Functions called by main:

- get_api_key
    Get the user’s GTP_API_KEY from the environment.

- get_code
    Read in the code to be processed from a provided filename or from stdin.

- get_code_chunks
    Split the code into chunks beginning with each function definition line.

- get_prompt
    Construct a Codex prompt consisting of:
    - the contents of autodocstring-example.txt
    - the code chunk
    - the line '#autodoc: A comprehensive PEP 257 Google style doctring, including a brief one-line summary of the function.'.

- get_response
    Call the Codex API with the constructed prompt using the user’s GTP_API_KEY. API calls look like:

    ```
    data = json.dumps({
        "prompt": prompt,
        "max_tokens": 1500,
        "temperature": 0,
        "stop": "#autodoc"
    })
    headers = {
        'Content-Type': 'application/json',
        'Authorization': 'Bearer {}'.format(GPT_API_KEY)
    }
    response = requests.post('https://api.openai.com/v1/engines/davinci-codex/completions', headers=headers, data=data)
    ```

    The response is json, and the output we want is in ['choices'][0]['text'].

- extract_function_code
    Returns only the code of the function, without the funciton definition line or the docstring

- replace_function_definition
    Replace the original function definition with the response and the original function code.

- output_code
    If the script was called with a filename, output the commented code to a .new file. Otherwise output it to stdout.

- main
    Call output_code with the processed code.

"""

Unlike auto-commenter.py (where output cleanup is done by auto-commenter.sh), I debugged and modified the auto-docstring code significantly to get it to directly provide the output I wanted.

Example output

The first example of auto-docstring.py's output is on the oref0 repo.

How to run it

You'll need to have an OpenAI Codex API key to be able to run auto-docstring yourself. You can learn more about Codex, and join the waitlist, here.

If you'd like to see what auto-docstring does with open source code you're working on, I'll be happy to process it myself while you're waiting to get access to the beta. Tag me on Twitter https://twitter.com/scottleibrand with a link to a specific file you'd like processed, and I'll clone the repo, run auto-comment on it, and send you back the processed file. If the output looks good and useful enough to PR, I can probably do entire directories or even repos as well.

What's next?

First, I'd like to figure out whether this tool is something people would find valuable, get input on what you'd like to see from it, and find collaborators interested in working on this and similar tools.

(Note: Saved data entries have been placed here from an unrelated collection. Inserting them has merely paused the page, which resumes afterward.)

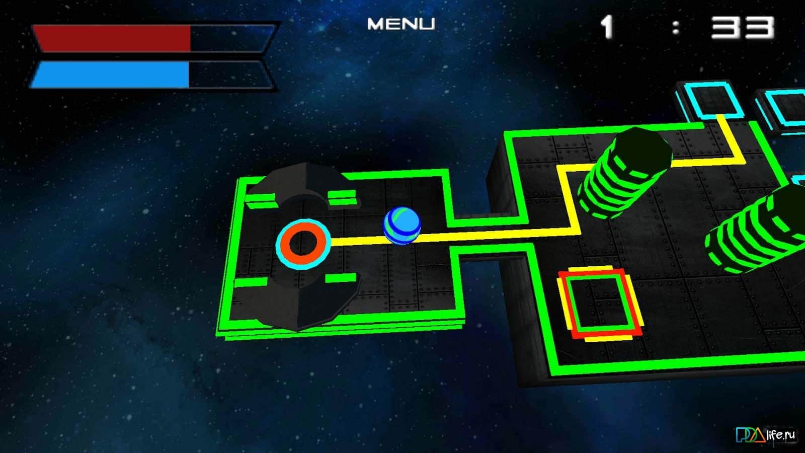 StarBall - вам предстоит путешествовать по невероятным космическим уровням, в которых полно опасных ловушек и препятствий, которые будут мешать достичь цели. Вам необходимо собрать на уровне 3 шара, которые разбросаны в разных уголках этапа и после этого добраться до финиша, при этом не упав в пропасть и не попасться в коварные ловушки. В игре много различных уровней, следующий не похож на предыдущий, поэтому игра некогда не наскучит и подарит вам отличное настроение.
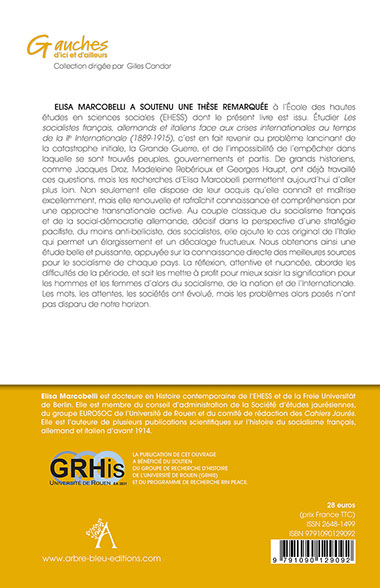 Elisa Marcobelli est docteure en Histoire contemporaine de l’EHESS et de la Freie Universität de Berlin. Elle est membre du conseil d’administration de la Société d’études jaurésiennes, du groupe EUROSOC de l’Université de Rouen et du comité de rédaction des Cahiers Jaurès. Elle est l’auteure de plusieurs publications scientifiques sur l’histoire du socialisme français, allemand et italien d’avant 1914.
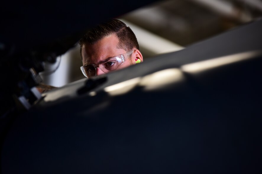 Staff Sgt. Jacob Whitlow, 5th Aircraft Maintenance Squadron load crew team chief, inspects an inert munition during a bomb loading competition at Minot Air Force Base, North Dakota, Sept. 7, 2018. Two weapons load crews, representing the 23rd and 69th Bomb Squadrons, were timed on their ability to efficiently load an inert munition onto a B-52H Stratofortress. (U.S. Air Force photo by Senior Airman Jonathan McElderry)
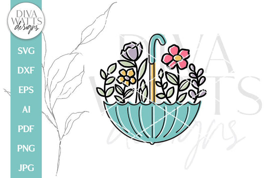 Spring Umbrella With Flowers SVG
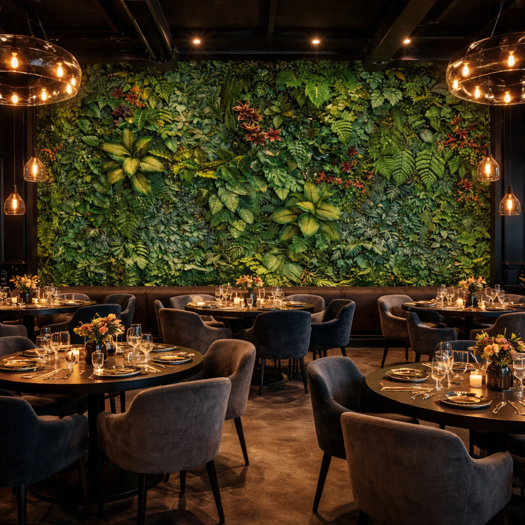 Transform interiors with a rich, immersive botanical statement. This luxury artificial foliage wallpaper mural delivers depth, texture, and vibrant greenery without maintenance—perfect for creating standout spaces that feel fresh, refined, and high-end.

If you have specific suggestions, feel free to reach out on Twitter as described above, or or open an issue on GitHub. Or you can fork and pull request this project on GitHub: https://github.com/scottleibrand/codex-tools.

Eventually, I'd like to go live with some sort of demo (like a web page where people can submit links to code on GitHub they'd like processed). As noted at the link, this requires thinking through potential abuse and scaling issues. In particular, OpenAI doesn't allow open-ended summarizer implementations "that end-users can submit any content they wish to".

License

This project is licensed under the MIT License - see the LICENSE file for details.